A Muslim peacekeeping force under the command of the UN (something which has already been proposed) comprising Sunni and Shia troops and answering to the General Assembly, not the Security Council, could maximise the beneficial effect a US withdrawal would have for internal security. Such a force would be far more acceptable to the population, leaving any remaining belligerent forces isolated and easier to deal with. Its clear that many Iraqis are attacking Americans, not because Muslim Arabs are pathologically violent, but because they are enraged at being occupied by the country that backed Saddam, killed half a million of their children with sanctions and is now in the process of wrecking their homeland. After a US withdrawal, Iraq would still have a serious security problem, but one that would have been downgraded from a full scale guerrilla war to a terrorist threat from an isolated minority. UN troops would therefore not be entering a “meat grinder.”

Iraqis could then spend some of their efforts looking to the future. After fresh elections, this time held under UN observation, a new government could move to create the prosperity within which a stable democratic society can thrive. To do this it would need the profits of oil sales to improve infrastructure and living standards. National debt would therefore have to be cancelled and US imposed privatisation schemes abandoned. In addition, natural justice demands that substantial reparations be paid by the nations that backed Saddam and that devastated the country with sanctions and bombing. Bringing these elements together would mean that Iraq could face the future with a degree of confidence.

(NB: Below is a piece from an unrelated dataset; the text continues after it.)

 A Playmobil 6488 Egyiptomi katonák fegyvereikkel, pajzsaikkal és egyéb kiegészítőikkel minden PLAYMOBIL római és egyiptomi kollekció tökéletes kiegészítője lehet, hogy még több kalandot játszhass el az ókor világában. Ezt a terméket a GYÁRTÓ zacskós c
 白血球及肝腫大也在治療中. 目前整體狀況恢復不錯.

Is this scenario realistic? Will powerful elites and nation states allow such a solution to be taken forward? In light of the catastrophe that is the US occupation its not hard to foresee in the short term the withdrawal of what elite support remains for the adventure. A solution similar to that described above may come to be seen as the only realistic one for arresting Iraq’s descent into hell, something the global economy can ill afford. But western populations should not sit around hoping that elites will do the right thing, or that whatever suits elite interests might one day happily coincide with what is the right thing to do. To effect these solutions the measure taken to bring down Apartheid, free India, win the vote, end segregation, secure labour rights and score countless other victories should be repeated on an enormous scale, forcing governments to act. The US is already all but defeated in Iraq. With assistance from western populations that defeat could be turned into a victory for the Iraq people, and for the world as a whole. If that victory is to be won, then it is for us to take the action required in order to achieve it.